Está en la página 1de 5

1. Ludwig Wittgenstein.

A. El escarabajo de Wittgenstein.
En sus Investigaciones Filosóficas Ludwig Wittgenstein pone el siguiente ejemplo:

Imagina que al nacer te dan una caja con un escarabajo dentro. Se trata de un objeto muy valioso
y extremadamente personal, tanto, que nadie puede ver el interior de la caja salvo uno mismo. De
este modo, no existe una forma objetiva de confirmar que todas las cajas contengan lo mismo. En
el mejor de los casos podrían contener un escarabajo de verdad, pero nada garantiza al cien por
cien que en lugar del escarabajo no haya otros insectos, como una hormiga o una araña, o que
incluso no haya nada, eso sí, sea lo que sea, siempre se considerará bajo el término de
«escarabajo».

Supongamos que la descripción del «escarabajo» se establece teniendo en cuenta solo el que
guardamos en nuestra caja, ya que no podemos ver el resto. De ser así, la definición de lo que es
un escarabajo cambiaría continuamente, dependiendo de cada persona. Es más, cuando uso la
palabra «escarabajo», ¿a cuál de ellos me estoy refiriendo? Sin duda al mío, pero no hay forma
posible de saber si al del resto. Es por eso que, según Wittgenstein, para la construcción de la
palabra y del concepto «escarabajo» lo que hay dentro de cada caja particular es irrelevante.
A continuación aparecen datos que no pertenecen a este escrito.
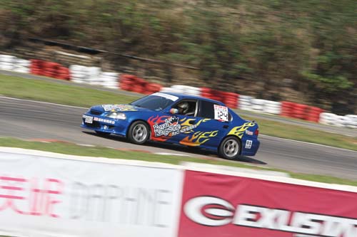 | 亞軍 方少澤 1:01.028 車號:140 車隊:DGR組 車型:K6 3D 原廠NA引擎設定,電腦都沒動,底盤就用STD的避震器,仰角及Toe in調整器都用HT鋐泰的料件,防傾桿就用日本進口件強化,原則上,就已練就自身技術為目標,希望能不斷地提升自己的能力,等技術練得差不多在考慮要不要強化動力部分,這樣成績才能有更顯著的進步吧。 |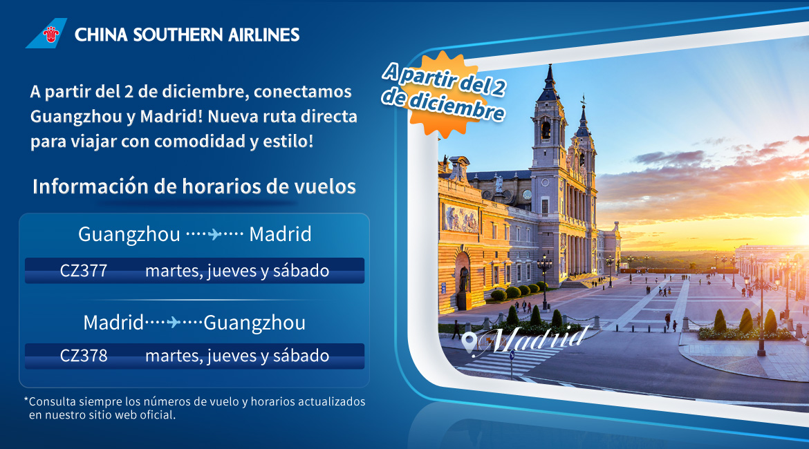 Nueva ruta directa entre Madrid y Guangzhou. ¡A partir del 2 de diciembre!

La
palabra bien podría acabar significando, sin más, «esa cosa que está en la caja de cada persona».

Tal vez el ejemplo con escarabajos pueda resultar un poco extraño, pero Wittgenstein lo aplica en
primer lugar al concepto de «dolor». Por tanto, si continuamos con el símil, la palabra «dolor» no
se puede relacionar con nuestra propia experiencia y sensación personal de dolor, sino que solo
tiene sentido como acuerdo colectivo del hecho del dolor. No podría ser de otro modo, ya que no
podemos saber exactamente lo que otras personas están experimentando o sintiendo.

Pero volviendo a los escarabajos, si tratamos de usar la palabra «escarabajo» para referirnos a lo
que hay dentro de nuestra caja estamos hablando de algo que no puede conocer nadie más aparte
de nosotros mismos, por lo no tendría sentido que la palabra hiciera referencia a nada personal o
subjetivo. De esta manera, concluye Wittgenstein, no existe tal cosa como un lenguaje privado. El
lenguaje que utilizamos para comunicar sensaciones subjetivas de nuestro mundo privado ‒por
ejemplo, del dolor‒ es un lenguaje formado en el ámbito de lo social. Una idea, la del lenguaje
como un arte social, sobre la que años después volvería Quine en su ensayo La relatividad
ontológica, aunque desde el punto de vista de la traducción entre idiomas. Uno de los discípulos
de Quine, Daniel Dennett, iría todavía más lejos al afirmar en “La conciencia explicada” que una
experiencia interior solo puede comprenderse como un acto social porque solo existe en tanto en
cuanto es comunicable.

B. Wittgenstein el ver-como. ¿Qué ves, Pato o conejo?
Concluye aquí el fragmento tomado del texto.